The decision arose in the context of an appeal brought by LPG Laverton Property No 5 Pty Ltd in respect of the Tribunal’s decision in proceedings nos. P1338/2019 and P1624/2019.  

In 2016, the Australian Vinyls Corporation (AVC) ceased manufacturing and started decommissioning its plant in Laverton.  During this process, parts of the land and groundwater were discovered to be contaminated.

The EPA subsequently issued the AVC with a clean-up notice. Following receipt of that notice, AVC applied to Wyndham City Council for a permit to construct an environmental bund to consolidate the contaminated soil.

LPG Laverton (LPG), the adjoining landowner objected to the proposed works.

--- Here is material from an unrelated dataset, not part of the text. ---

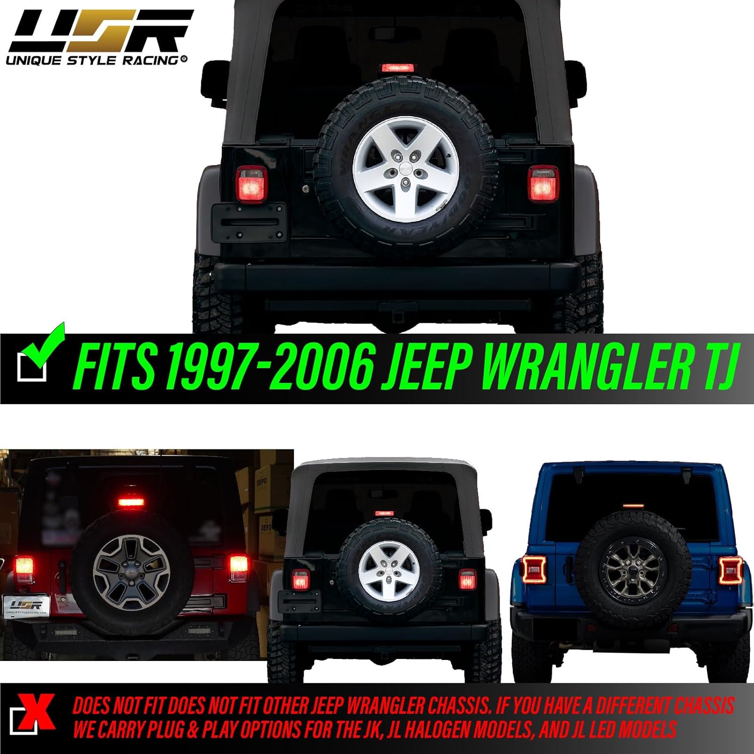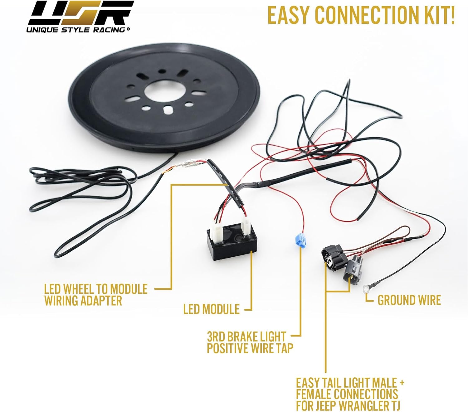 USR 97-06 TJ WRANGLER Spare Tire 3rd Third Brake Light SWITCHBACK Red/White LED HALO Ring Bar Tail Wheel Light Compatible with 1997-2006 Jeep Wrangler TJ (Module + Connectors, Running+Brake+Reverse)

The Council ultimately determined to grant a permit and LPG sought to review the Council’s decision to grant the permit.

Tribunal’s decision

The Tribunal determined s 62A(1B) of the Environmental Protection Act 1970 (EP Act) operates so as not to require a planning permit for works to be undertaken for the purposes of complying with a clean-up notice.

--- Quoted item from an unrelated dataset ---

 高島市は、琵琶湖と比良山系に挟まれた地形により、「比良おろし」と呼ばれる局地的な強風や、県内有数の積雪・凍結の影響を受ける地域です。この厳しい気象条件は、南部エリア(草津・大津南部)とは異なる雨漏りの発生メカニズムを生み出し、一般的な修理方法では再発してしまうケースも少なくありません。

The Tribunal found if a permit is refused, works to clean up a site cannot lawfully take place under the legislative regime despite being contrary to the purposes of both the EP Act and the Planning and Environment Act 1987 (PE Act).

Court’s decision

On appeal, the Court decided the Tribunal erred on the questions of law, allowing the appeal.

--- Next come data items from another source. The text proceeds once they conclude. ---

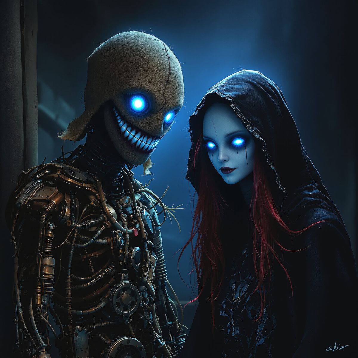 A digital painting of a scarecrow-like couple in a dark, rustic setting. Features steampunk elements and a cracked porcelain doll face, with dramatic lighting and decaying textures.
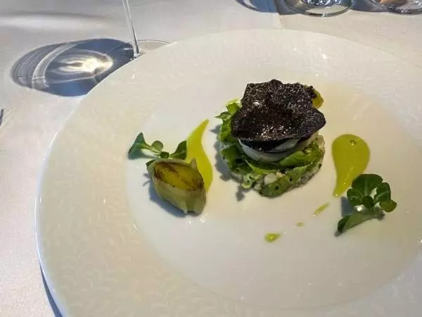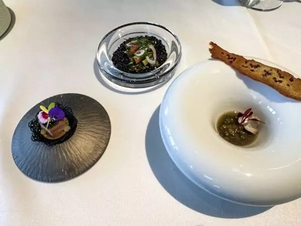 田中シェフは、フランスで日本人として史上最年少でミシュラン2つ星に輝いた人で、ランスでは基本その土地のもの、大量流通しない地元の小規模生産者の食材やお酒を使うことで高い評価を受けています。綺麗な一皿です。蟹の香りが立ち上がります。
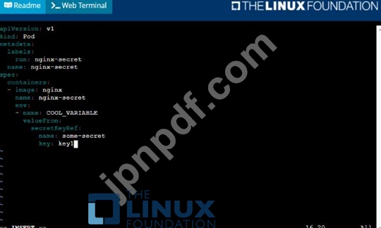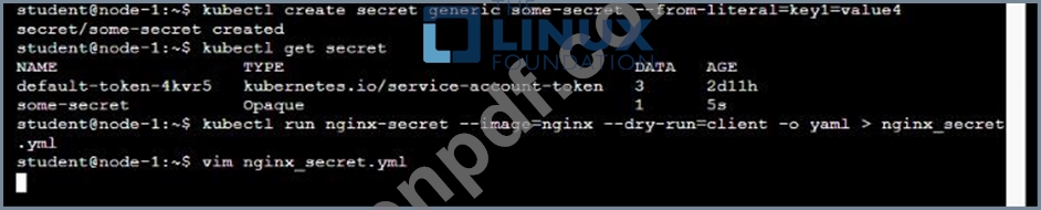 * コンテナー イメージ nginx を使用して nginx-secret という名前の nginx ポッドを開始し、ポッド内の環境変数の名前として COOL_VARIABLE を使用して、秘密キー key 1 の値を公開する環境変数を追加します
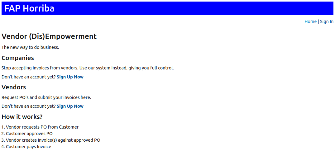 This demo is a customer vendor portal, allowing vendors to request purchase orders from customers, and to submit invoices on approved PO’s.

Specifically, the Court was asked to interpret s 62A(1B) of the EP Act reading:

The clean up and on-going management measures directed by the Authority to be taken are to be completed and performed as specified in the notice, notwithstanding anything to the contrary in –

(a)      the Planning and Environment Act 1987 or any regulation, planning scheme or permit made, approved or granted under that Act

(b)      the Building Act 1993 or any regulation or permit made or granted under that Act.

The Court determined a clean-up notice ousts the operation of the PE Act only to the extent the notice directs the performance of specific measures requiring a permit or consent.

Informing its view, the Court remarked s 62A(1B) is a ‘pivotal’ provision of the EP Act comprising two parts:

  • the first requiring the recipient of a notice to complete and perform measures directed by the EPA as specified in the notice (including works, tests, measurements, reports, the retainer of consultants and contractors as set out in the definition of ‘clean up’ in s 4 of the EP Act); [2] and
  • the second part, being of ‘prime importance’ [3] providing a notice has effect regardless of any prohibitions or restrictions imposed on the measures by the PE Act. [4]  

The Court stated the purpose of s 62A(1B) is to require and expedite compliance with clean up measures specified in notices by removing regulatory barriers. [5] By overriding the operation of the PE Act for works specified in a notice, the Court acknowledged s 62A(1B) excludes third-party rights to object to the works or seek review before the Tribunal.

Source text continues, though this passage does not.